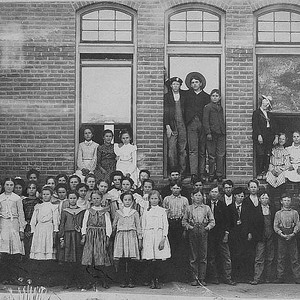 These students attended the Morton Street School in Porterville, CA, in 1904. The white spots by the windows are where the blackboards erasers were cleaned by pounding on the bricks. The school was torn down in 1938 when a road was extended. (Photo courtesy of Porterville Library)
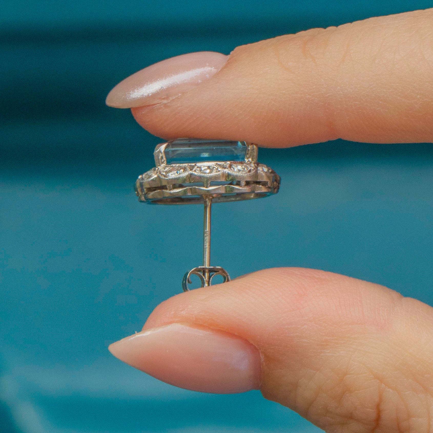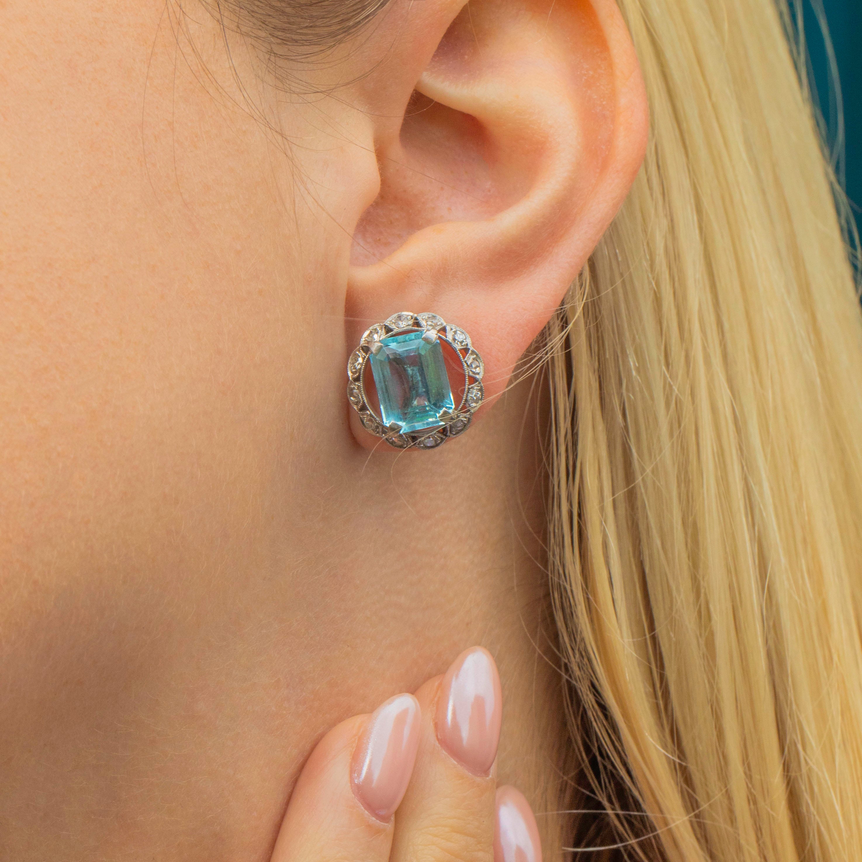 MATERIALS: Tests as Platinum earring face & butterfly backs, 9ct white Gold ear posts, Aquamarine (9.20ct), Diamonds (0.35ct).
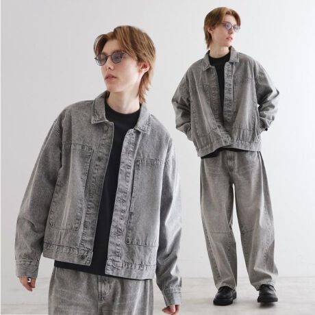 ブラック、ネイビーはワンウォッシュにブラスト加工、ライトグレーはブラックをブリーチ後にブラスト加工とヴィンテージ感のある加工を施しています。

==========

Instructions for the task:
Leaving every picture aside, transcribe exactly the lines from the one that contains "MATERIALS: Tests as" through the final line of the listing above, inclusive.

Exercise solution:
 MATERIALS: Tests as Platinum earring face & butterfly backs, 9ct white Gold ear posts, Aquamarine (9.20ct), Diamonds (0.35ct).
 ブラック、ネイビーはワンウォッシュにブラスト加工、ライトグレーはブラックをブリーチ後にブラスト加工とヴィンテージ感のある加工を施しています。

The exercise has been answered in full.